Abstract

Long-term diabetes in female rats preserves the bone mineral density (BMD) but impairs the strength of the femur. In this study, we have compared the effects of diabetes and high-dose 17β-estradiol (E 2), two conditions of low bone formation, in ovariectomized (ovx) rats. Spontaneously diabetic BB rats were ovx 0–3 days after onset, and nondiabetic ovx littermates were used as controls; the rats were either untreated or treated with E 2 (30 μg/day), subcutaenously), for 6 or 12 weeks (n = 9 in each of the eight groups).
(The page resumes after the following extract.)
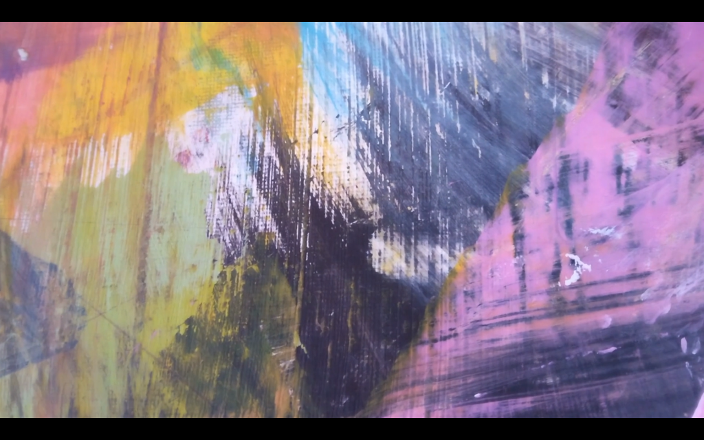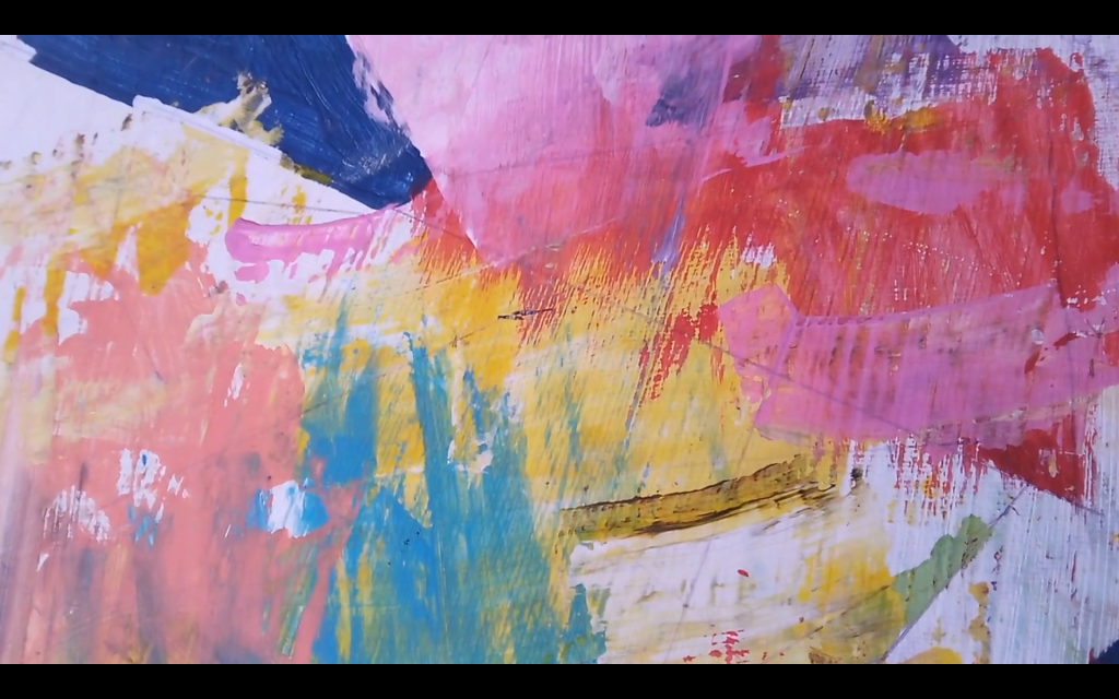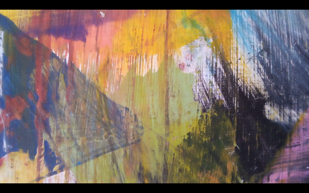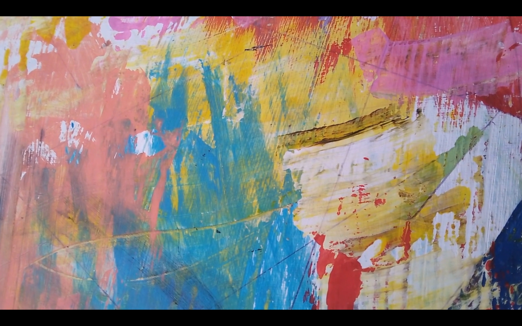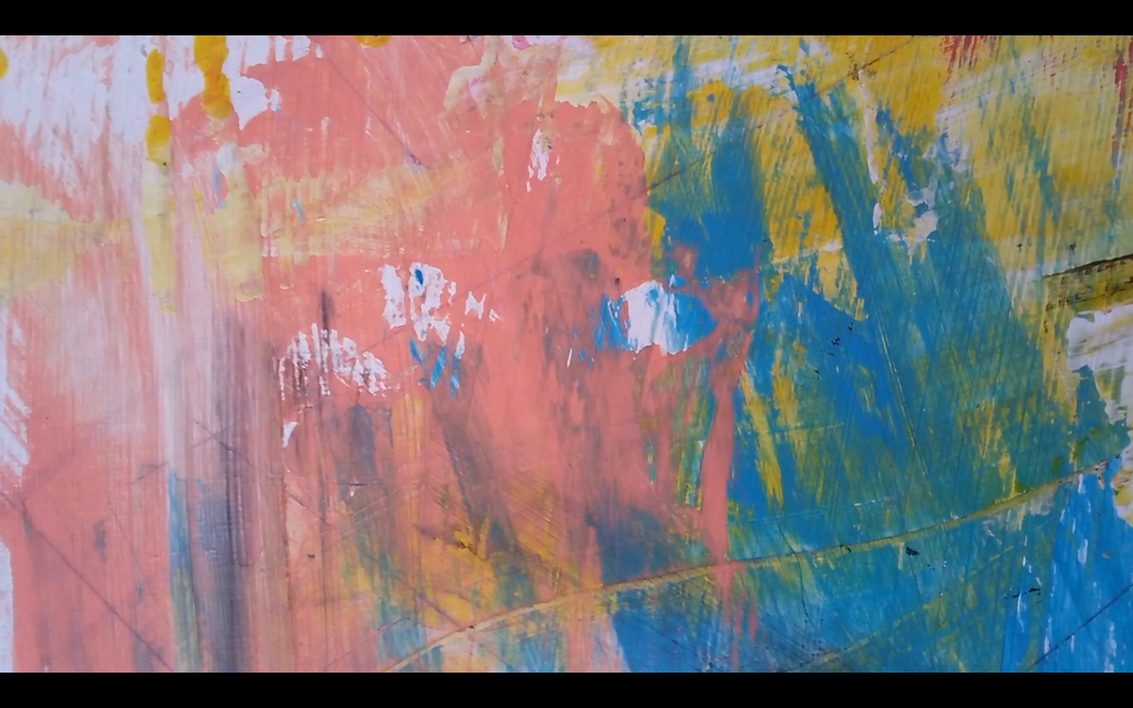 So I took a rag and started to swipe the areas of the shapes I made and this was the result. I wanted as much color as I could get because color represents life. I used a metal scraper to add effects here and there, some edges to it. It remains to this day, a painting perfect for those who feel like a triangle trying to squeeze into a circle, so to speak.

Analysis included: plasma 1,25-dihydroxyvitamin D 3, insulin-like growth factor-I (IGF-I), and osteocalcin concentrations; histomorphometry of the proximal tibial metaphysis (PTM); and DXA and biomechanical testing of the femur. Both E 2 treatment and diabetes markedly lowered plasma IGF-I and osteocalcin concentrations, as well as dynamic morphometric parameters of bone formation in the PTM. Plasma IGF-I and osteocalcin were correlated ( R 2 = 0.55; p < 0.0001). E 2 treatment in both control and diabetic ovx rats increased the trabecular bone volume in the PTM and the BMD in the metaphysis of the distal femur; there was no difference between control and diabetic rats, however. The diaphyseal area and BMC were decreased in E 2-treated or/and diabetic ovx rats, but the diaphyseal BMD remained unchanged compared with untreated ovx rats. The biomechanical properties of the whole femur (strength, angular deformation, and stiffness) were decreased in E 2-treated and diabetic E 2-treated ovx rats after 12 weeks. The data indicate that in situations of chronic low bone formation, whole bone strenght does not reflect total BMD but correlates better with bone size and bone mineral content measurements.